羅建仕,陳光,曾四平,沈思,楊江,管剛云,詹誼
(廣西醫(yī)科大學(xué)第四附屬醫(yī)院 泌尿外科,廣西 柳州 545005)
復(fù)雜腎結(jié)石是指直徑超過3 cm腎結(jié)石、鹿角狀結(jié)石、鑄狀結(jié)石、多發(fā)性結(jié)石,以及因腎臟結(jié)構(gòu)或功能異常經(jīng)體外沖擊波碎石(extracorporeal shock wave lithotripsy,ESWL)或經(jīng)皮腎鏡治療困難的結(jié)石[1],目前對此類結(jié)石的治療仍較棘手。普遍認為大通道經(jīng)皮腎鏡取石術(shù)(percutaneous nephrolithotomy,PCNL)治療復(fù)雜腎結(jié)石有良好的效果[2- 3]。我院2012年1月至2012年12月收治76例復(fù)雜性腎結(jié)石患者,分別采用大通道PCNL、標準通道聯(lián)合微通道PCNL(micro channel percutaneous nephrolithotomy,MPCNL)治療,比較兩組的療效,現(xiàn)報道如下。
2012年1月至2012年12月我院收治復(fù)雜性腎結(jié)石患者76例,均經(jīng)B超、腹部平片、靜脈腎盂造影、腎動態(tài)檢查確診為復(fù)雜性腎結(jié)石,排除全身出血性疾病。

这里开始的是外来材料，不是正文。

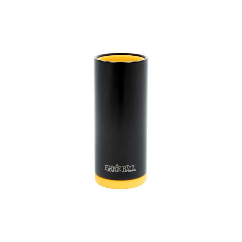 Upgrade your slide performance with unsurpassed comfort and control. The Ernie Ball comfort slide is fitted with a soft inner sleeve for a secure fit, giving you maximum control as you slide up and down the fretboard. The brightly colored sleeve keeps visibility high in dark environments and provides a soft cushiony barrier from the slides’ rolled metal edge. Suitable for electric and acoustic guitars, this slide features smooth, durable, black chrome plated brass that allows the notes to ring out with a bright, chimey tone and maximum sustain.

按入院先后1∶1隨機分為大通道組38例,其中男23例,女15例,年齡20~63(37.5±13.6)歲,左腎結(jié)石16例,右腎結(jié)石14例,雙側(cè)腎結(jié)石8例,直徑(3.5±2.7) cm;雙通道組38例,其中男26例,女12例,年齡22~61(38.0±12.9)歲,左腎結(jié)石13例,右腎結(jié)石15例,雙側(cè)腎結(jié)石10例,直徑(3.3±2.9) cm。兩組患者性別、年齡、結(jié)石分布、大小等差異無統(tǒng)計學(xué)意義(P>0.05)。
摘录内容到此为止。